Ya think?
Great googly moogly are some folks dense.
http://www.newscientist.com/blogs/shortsharpscience/2010/02/killer-whale-name.htmlOf all the explanations put forward in the wake of the death of a trainer at SeaWorld in Orlando, Florida, perhaps the most bizarre is that the killer whale was enacting a mating behaviour.
"He was used a lot [by SeaWorld] for mating, and could have even been enacting a mating behavior during the incident," said Nancy Black, who runs California's Monterey Bay Whale Watch. Black also told Discovery News that the orca, Tilikum, could have "lashed out" from stress or boredom.
Isn't it strange that the killer whale is being characterised as aggressive? Killer whales are top predators. You wouldn't be surprised if a tiger lashed out at someone. Is it because we are so fond of cetaceans and their intelligence that we forget what they are? Or are we embarrassed at keeping them captive and so make excuses for them?
In the British newspaper The Times, a marine mammal biologist, Naomi Rose of the Humane Society of the United States, is reported as saying that the orca's "lack of concern about killing humans could be because Tilikum was unused to having a human being in the water with him".
Rose goes on to say:
"Orca are certainly capable of aggression, as whales at SeaWorld and other parks have shown with plenty of attacks."

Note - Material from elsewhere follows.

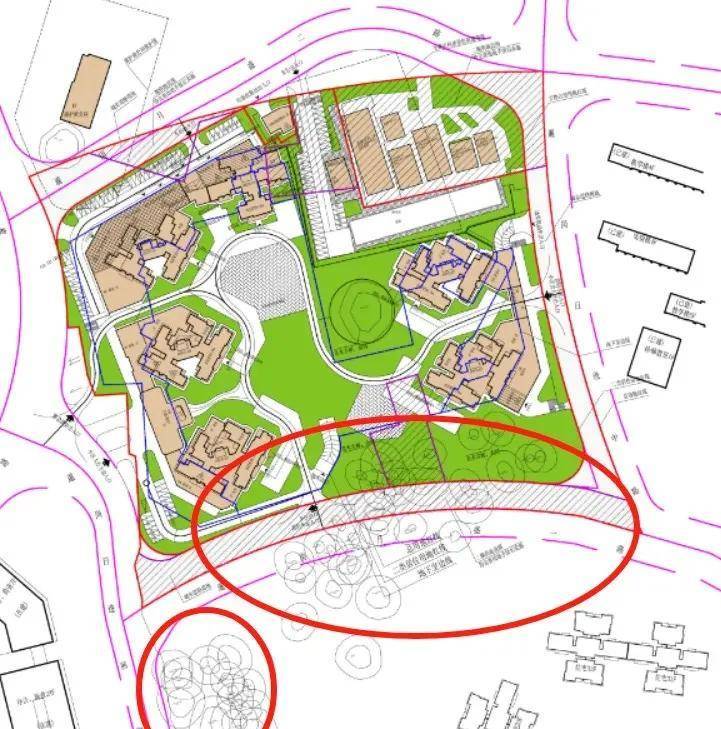 3、所在地块上有很多棵古树,粗略一数,光是出现在图面上的就有50多棵。

They wouldn't be very good predators if they weren't capable of aggression. But Rose here is referring to two previous attacks involving Tilikum. He was blamed for killing a trainer in 1991 at Sealand of the Pacific near Victoria, British Columbia, Canada, and was also involved in the death of a man in 1999.
Steve Huxter, who was head of Sealand's animal care and training department in 1991, was reported in the UK's The Guardian as saying he was "surprised" the orca had killed again. He said Tilikum was a well-behaved, balanced animal.

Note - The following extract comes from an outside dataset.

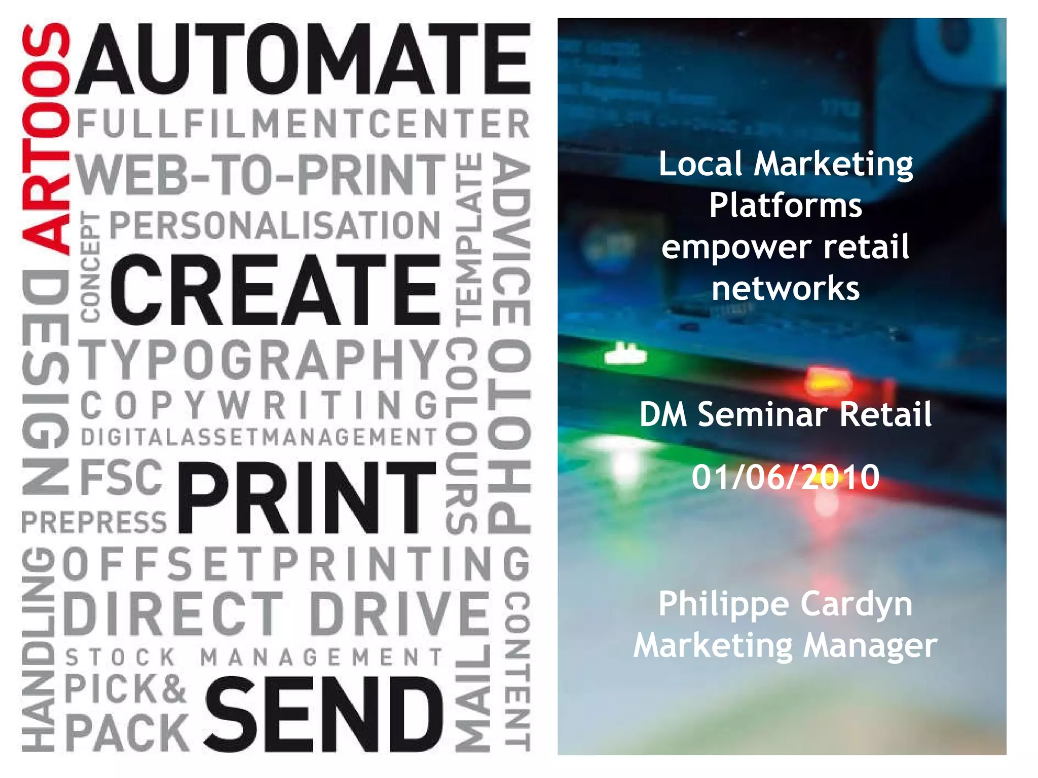 The document discusses local marketing platforms and how they empower retail networks. It provides examples of how various companies use local marketing platforms to simplify communication channels for retailers, brands, and marketers. Specifically, it outlines cases for how finance/insurance, automotive, real estate, and apparel companies utilize centralized, web-based tools to automate and personalize local marketing campaigns.

And the excuses for Tilikum continue. Back at Discovery News, Richard Ellis, a marine conservationist at the American Museum of Natural History, says that the whale "was not trying to eat the trainer", but believes his actions were "premeditated" and intentional. (It reminds me that dolphins have been suspected of carrying out "serial" attacks on other cetaceans.)
"[Tilikum] decided to do this as opposed to keep swimming around in circles," Ellis said. He would not speculate, though, on what the whale actually intended.
Do we really need to explain why a top predator would attack a potential prey item? Sure, orcas don't attack humans much, even in the wild. But this, says Matt Walker at the BBC, is probably because they live in cold water and don't overlap with humans much.
Last week we heard Lori Marino, a biologist at Emory University in Atlanta, Georgia, tell the American Association for the Advancement of Science conference that captive cetaceans are suffering psychological problems:
"Dolphins are sophisticated, self-aware, highly intelligent beings with individual personalities, autonomy and an inner life. They are vulnerable to tremendous suffering and psychological trauma," Marino said in a press release.
We're in a bit of a bind. If we want to keep orca in tiny pools, we might have to expect them to attack us from time to time. If we release Tilikum and long-term captive orca, like we did with Willy of Free Willy fame, we might be condemning them to loneliness and an early death.
So we'll probably continue to keep them in captivity. As the New York Times reports, "that's a big money-making animal."